_What you need to do_
Copy the data below exactly, but not the pictures it contains.

Dataset excerpts:
________________________________________

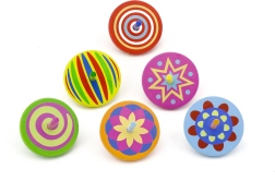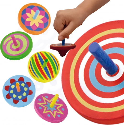 Kolorowe drewniane bączki VIGA zainteresują każde dziecko podczas zabawy. Podczas kręcenia bączki tworzą interesujące wzory, które podobają się dzieciom.
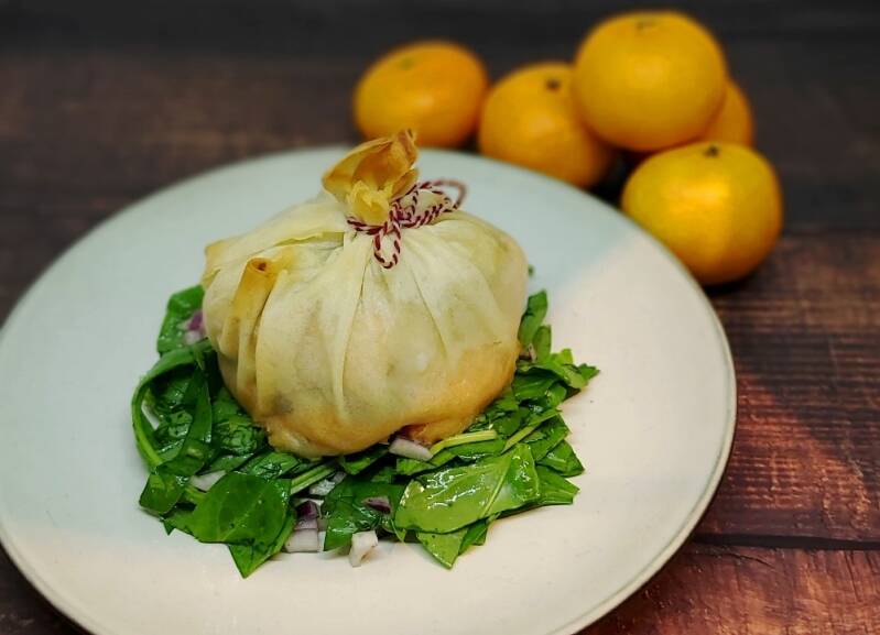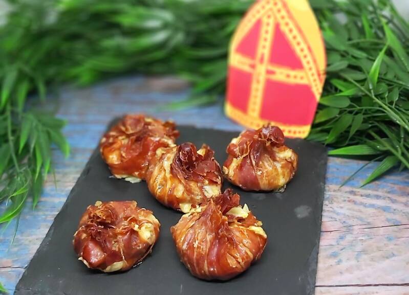 Je begint met een zakje van Spaanse droge ham, gevuld met witlof en kaassaus. Een traditioneel gerecht dus, in een nieuw jasje (of zakje) gestoken. Een Spaanse ham, zoals iberico- of serranoham past natuurlijk goed bij het Sinterklaasthema, maar je kan ook Italiaanse prosciutto gebruiken. Voor het hoofdgerecht gaan we aan de slag met mandarijnen, want die kunnen niet ontbreken tijdens Sinterklaas. Je combineert ze met zalm en aardappelpuree, in een zak van filodeeg. Klinkt misschien gek, maar dat is een hele lekkere combinatie!
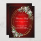 Ein roter Gradientenboden, der mit Kegel, weißen Beeren und grüner Farbe dekoriert ist. Ein ovales Imitat aus Gold. Personalisieren und fügen Sie die Details hinzu. 1 Blatt = 1 Einladung mit Druckkante bis Kante.
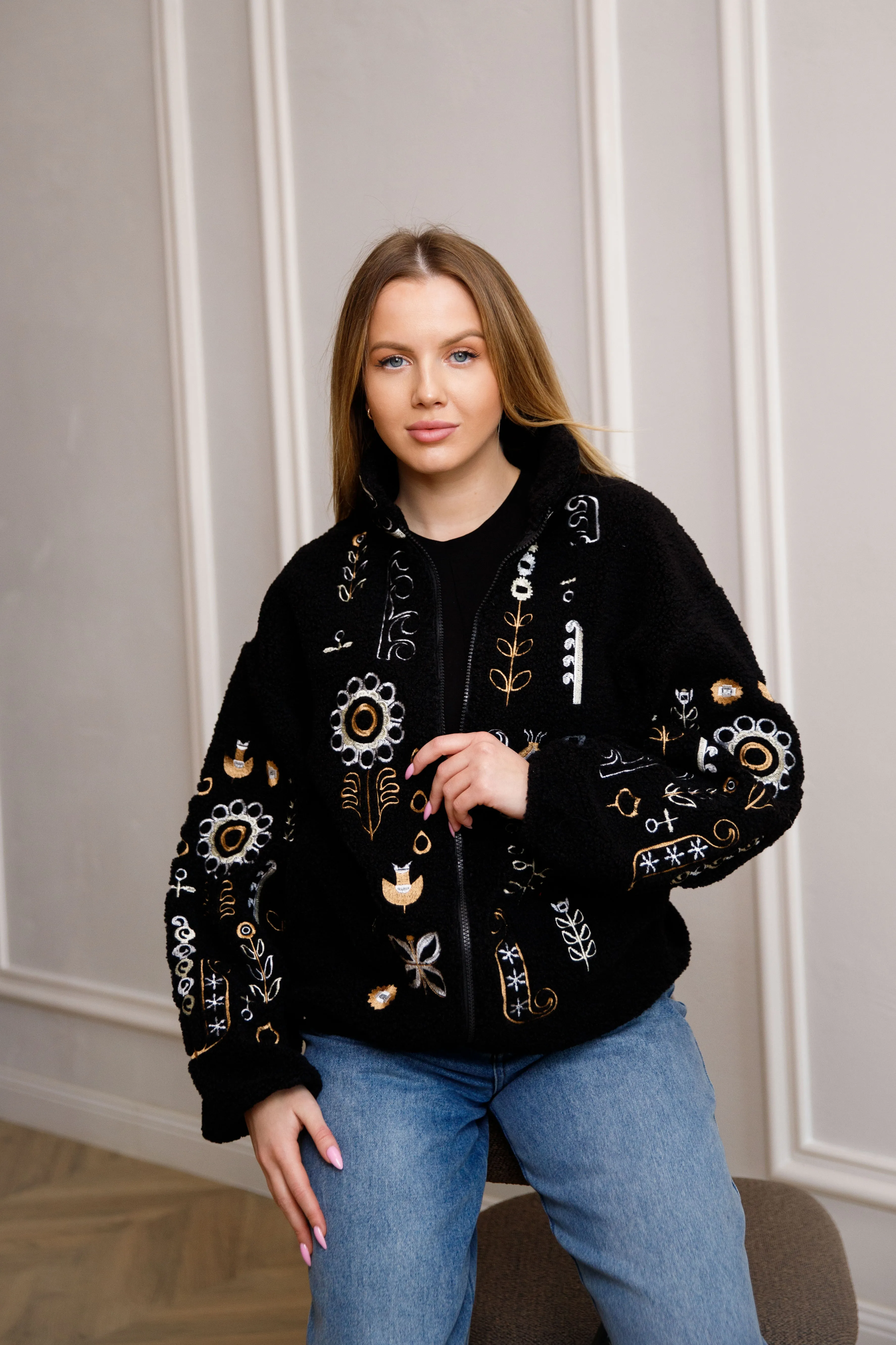 Жіночий світшот з вишивкою Люмінеска (чорна)
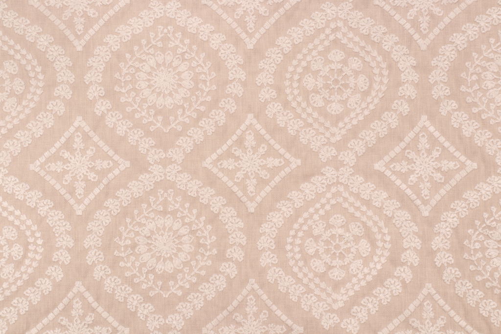 0.88 Yards Ellen Degeneres Alaro Emb Embroidered Drapery Fabric in Natural Details
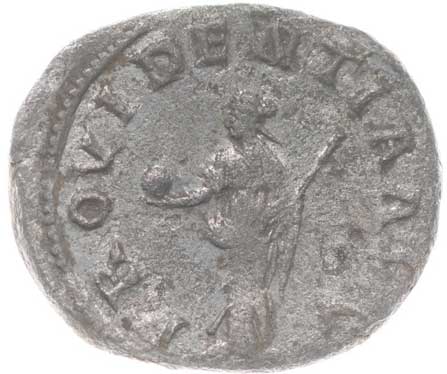 1474. AR Antoninianus, Rv:"FIDES MILITVM" stojící Fides zleva
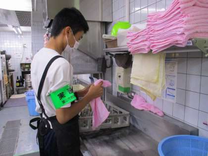 楽今日館で働く2年生の様子です。

________________________________________

_Task result_
 Kolorowe drewniane bączki VIGA zainteresują każde dziecko podczas zabawy. Podczas kręcenia bączki tworzą interesujące wzory, które podobają się dzieciom.
 Je begint met een zakje van Spaanse droge ham, gevuld met witlof en kaassaus. Een traditioneel gerecht dus, in een nieuw jasje (of zakje) gestoken. Een Spaanse ham, zoals iberico- of serranoham past natuurlijk goed bij het Sinterklaasthema, maar je kan ook Italiaanse prosciutto gebruiken. Voor het hoofdgerecht gaan we aan de slag met mandarijnen, want die kunnen niet ontbreken tijdens Sinterklaas. Je combineert ze met zalm en aardappelpuree, in een zak van filodeeg. Klinkt misschien gek, maar dat is een hele lekkere combinatie!
 Ein roter Gradientenboden, der mit Kegel, weißen Beeren und grüner Farbe dekoriert ist. Ein ovales Imitat aus Gold. Personalisieren und fügen Sie die Details hinzu. 1 Blatt = 1 Einladung mit Druckkante bis Kante.
 Жіночий світшот з вишивкою Люмінеска (чорна)
 0.88 Yards Ellen Degeneres Alaro Emb Embroidered Drapery Fabric in Natural Details
 1474. AR Antoninianus, Rv:"FIDES MILITVM" stojící Fides zleva
 楽今日館で働く2年生の様子です。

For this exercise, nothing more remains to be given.